# 1991 AIME Problems/Problem 8

## Problem

For how many real numbers $a^{}_{}$ does the quadratic equation $x^2 + ax^{}_{} + 6a=0$ have only integer roots for $x^{}_{}$?

## Solution

### Solution 1

By Vieta's formulas, $x_1 + x_2 = -a$ where $x_1, x_2$ are the roots of the quadratic, and since $x_1,x_2$ are integers, $a$ must be an integer. Applying the quadratic formula,

$$x = \frac{-a \pm \sqrt{a^2 - 24a}}{2}$$

Since $-a$ is an integer, we need $\sqrt{a^2-24a}$ to be an integer (let this be $b$): $b^2 = a^2 - 24a$. Completing the square, we get

$$(a - 12)^2 = b^2 + 144$$

Which implies that $b^2 + 144$ is a perfect square also (let this be $c^2$).
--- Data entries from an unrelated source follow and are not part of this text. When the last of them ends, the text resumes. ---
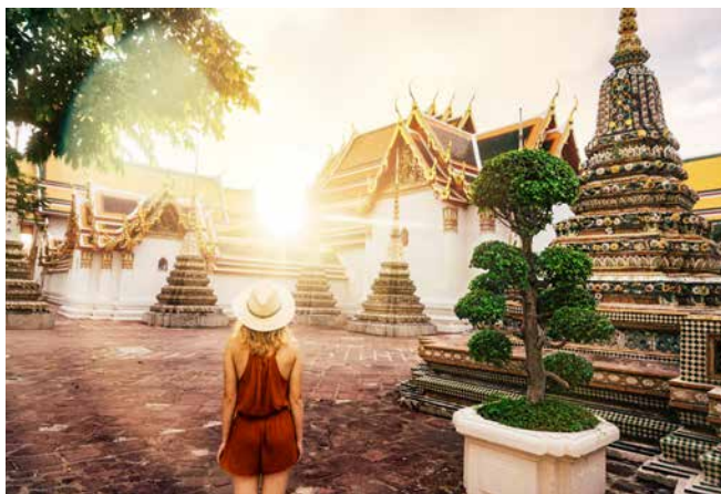
Buddhistischer Tempel Wat Pho, Bangkok

LAGE – Laem Chabang ist der ideale Ausgangspunkt um die, nördlich des Golfs von Thailand gelegene, Hauptstadt Bangkok (ca. 8,3 Millionen Einwohner) zu besuchen. Die Trauminsel Koh Samui (ca. 62.500 Einwohner) ist ca. 35 Kilometer vom Festland entfernt. Phuket liegt in der Andamanensee im Süden von Thailand. Auf der Halbinsel leben ca. 387.000 Einwohner.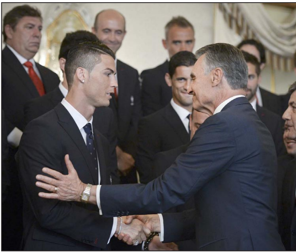
الرئيس البرتغالي يصافح النجم رونالدو في حفل توقيع المنتخب قبل سفره الى البرازيل

تعادل المنتخب الألماني مع نظيره الكاميروني بهدفين لكل منهما في إطار الاستعدادات لكأس العالم، وسجل هدف ألمانيا توماس مولر، وأندريه شورله في الدقيقتين 66 و71، بينما أحرز هدف الكاميرون، صامويل إينو وإيريك ماكسيم تشويو مونتيج في الدقيقتين 62 و78 على ملعب بوروسيا بارك بألمانيا، ويلعب المنتخب الألماني في المجموعة السابعة لتوئيدال البرازيل بجوار ألمانيا والبرتغال، بينما يلعب المنتخب الكاميروني في المجموعة الأولى التي تضم معه البرازيل، وكرواتيا، والمكسيك.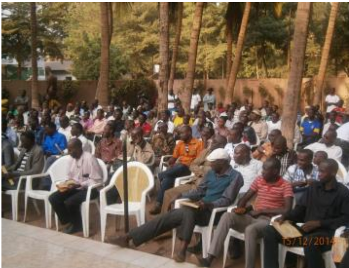
Photo 1 : Participants à l'émission interactive des jeunes sur la MVE à l'émission « Allo Klédu ».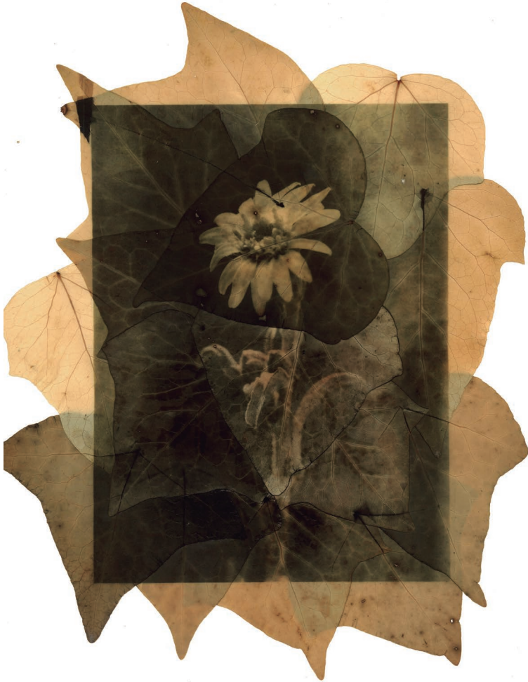
Senecio María Mole revelado en hojas de hiedra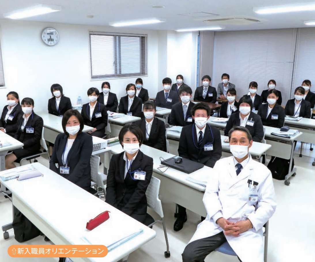
↑新入職員オリエンテーション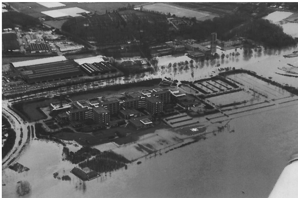
Figuur 2 Het Venlose St. Maartens Gasthuis (thans VieCuri MC) helemaal omsloten door het Maaswater (Bron: Kerst in het Water, Watersnoodramp 1993, Dagblad voor Noord-Limburg).

Na de overstroming in 1995 is een dijk aangelegd, die het ziekenhuisterrein afgrenst van de Maas. In de zomer van 2009 ontstond opnieuw wateroverlast, dit keer als gevolg van kortstondige, extreem hevige regenval. Het gevolg was dat: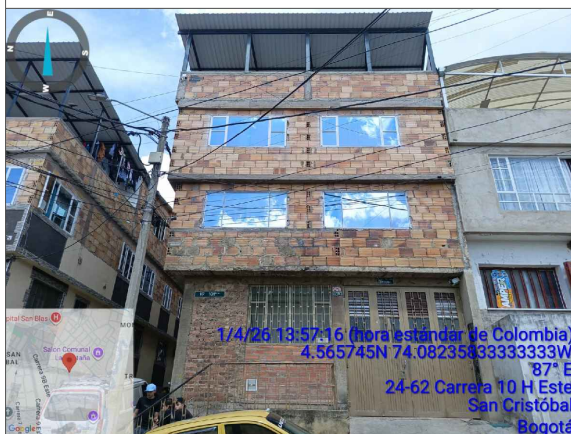
VISTA FRONTAL PREDIO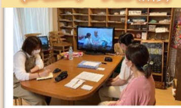
ビデオ検討会 (コミュニケーション研修)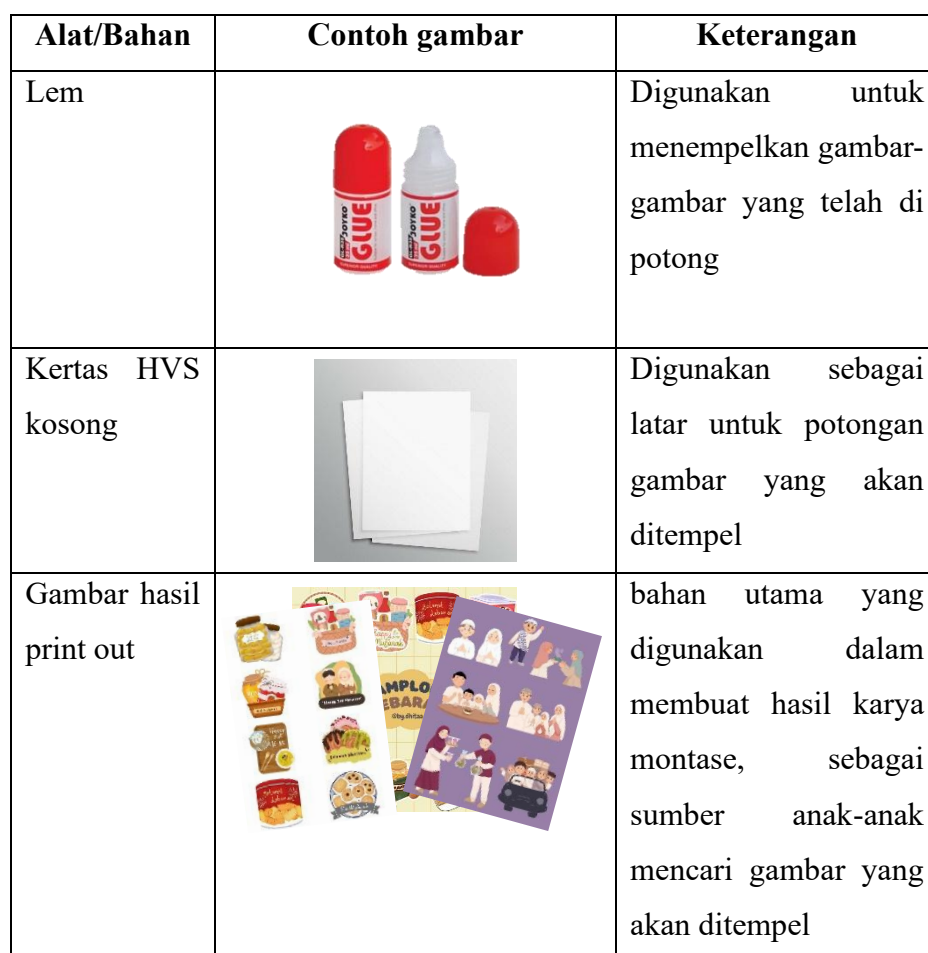
Tabel 2. 1Alat dan Bahan Kegiatan Montase

Kegiatan montase membutuhkan alat dan bahan untuk melaksanakan kegiatannya, diantaranya adalah (Novidewi, 2017):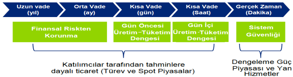
Şekil 1: Elektrik Piyasalarının Yapısı

Finansal piyasalarda spot ve vadeli işlem piyasası olmak üzere iki çeşit piyasa bulunmaktadır. Spot piyasalarda, belirli miktarda bir varlığın ve karşılığı olan tutarın el değiştirme işlemi genellikle birlikte gerçekleşir. Vadeli işlem piyasalarında ise anlaşma işlem tarihinde yapılmasına karşılık, gelecekte belirlenen vade gününde tarafların yükümlülüklerinin gerçekleştirilmesi öngörülür (İşler ve Utku, 2015, 184). Türkiye’de enerji piyasası spot ürünü olan fiziksel elektrik enerjisinin alım satımı EPIAŞ aracılığıyla yapılmaktadır. Vadeli işlem olarak elektrik enerjisinin dayanak varlık gösterildiği elektrik vadeli işlem sözleşmeleri ise Borsa İstanbul’da işlem görmektedir.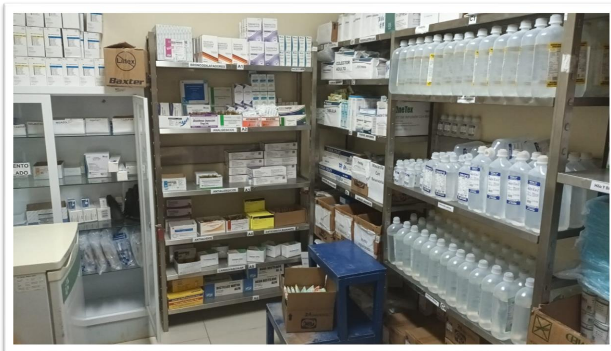
Ilustración 10 Farmacia de Emergencia, almacenamiento diseñado en forma de L para facilitar el desplazamiento de personas e insumos.

RNC. 430135097 República Dominicana SERVICIO NACIONAL DE SALUD SERVICIO REGIONAL DE SALUD METROPOLITANO HOSPITAL PEDIÁTRICO DR. HUGO MENDOZA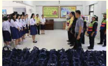
• สถานักเรียนมอบของขวัญ ในโอกาสวันพระคริสตสมภพให้กับเจ้าหน้าที่ กทม. ที่ช่วยอำนวยความสะดวกบริเวณรอบโรงเรียน ณ ห้องแมรี่ ออฟ ดี อินคาร์เนชั่น เมื่อวันที่ 23 ธันวาคม 2557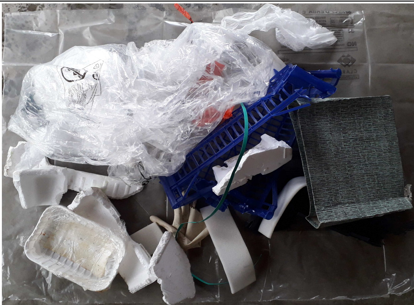
CAMPIONE MEDIO COMPOSITO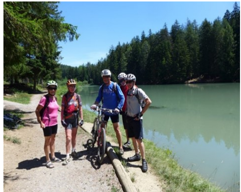
Montagne du Château (sortie Traversée du Jorat)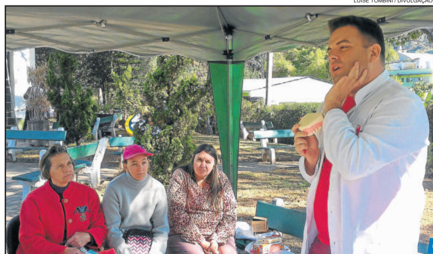
Orientações sobre saúde bucal

A campanha de vacinação contra a gripe segue até o dia 15 de junho, em qualquer unidade de saúde do município. Cerca de 500 pessoas que pertencem aos grupos de risco já foram imunizadas. São elas crianças maiores de 6 meses e menores de 5 anos de idade, gestantes e puérperas (mulheres até 45 dias após o parto), pessoas com 60 anos ou mais, trabalhadores da saúde, professores de escolas públicas, e pessoas com doenças crônicas.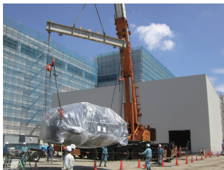
200tクレーンを使用して冷凍機を トレーラーから荷卸し作業中

私たちが行っている仕事は日々現場状況が変わる中いろんな重機、機械、道具を使用して作業を行います、また数多くの免許も必要です、職長教育、玉掛、ユニック車、フォークリフトの運転免許、足場の組立解体作業、etc。グループ毎に現場へ行き作業を行います、安全かつスムーズに仕事を進めるにはリーダーを初めとして全員の協力、団結が必要になります、危険に際しては最終的に自分の身は自分で守る事がもっとも重要です。やりがいがある仕事です、奮って応募下さい。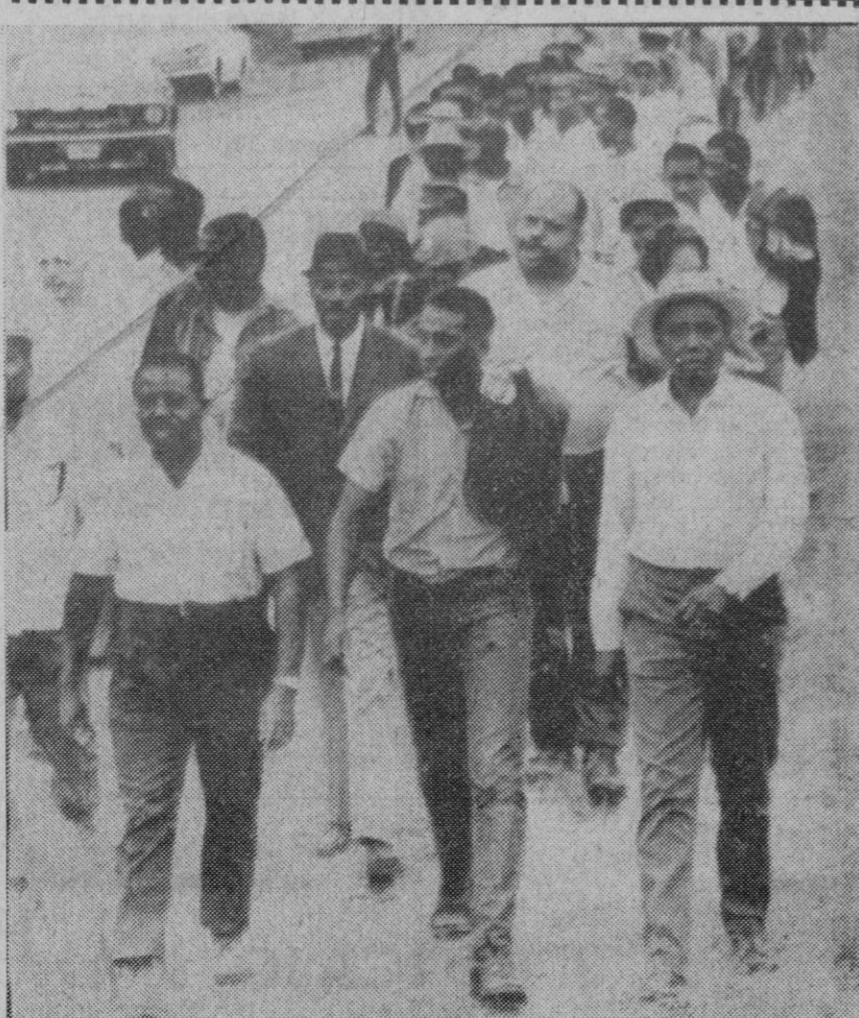
Stokely Carmichael (centro), líder del Comité Coordinador de No Violencia, y Floyd McKissick, director nacional del Congreso de Igualdad Racial, marchan al frente de la marcha Memphis-Jackson, en el sexto día de la caminata pro derechos civiles en EE. UU.

Los estudiantes, que protestaban por el asesinato de cubanos en la base de Guantánamo gritaban: «Cuba, sí; yanquis, no», mientras se dirigían, en compactos grupos, hacia el centro de la ciudad. La policía efectuó varias detenciones.—Efe.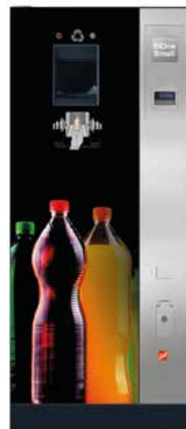
SiOne Small (Beispiel Design C „Color Explosion“ – Flaschen bunt)

Then

$$c^2 - b^2 = 144 \Longrightarrow (c+b)(c-b) = 144$$

The pairs of factors of $144$ are $(\pm1,\pm144),( \pm 2, \pm 72),( \pm 3, \pm 48),( \pm 4, \pm 36),( \pm 6, \pm 24),( \pm 8, \pm 18),( \pm 9, \pm 16),( \pm 12, \pm 12)$; since $c$ is the average of each respective pair and is also an integer, the pairs that work must have the same parity. Thus we get $\boxed{10}$ pairs (counting positive and negative) of factors that work, and substituting them backwards show that they all work.

### Solution 2

Let $x^2 + ax + 6a = (x - s)(x - r)$. Vieta's yields $s + r = - a, sr = 6a$. $\begin{eqnarray*}sr + 6s + 6r &=& 0\\ sr + 6s + 6r + 36 &=& 36\\ (s + 6)(r + 6) &=& 36 \end{eqnarray*}$

Without loss of generality let $r \le s$.

The possible values of $(r + 6,s + 6)$ are: $( - 36, - 1),( - 18, - 2),( - 12, - 3),( - 9, - 4),( - 6, - 6),(1,36),(2,18),(3,12),(4,9),(6,6)$ $\Rightarrow \boxed{10}\ \text{values of } a$.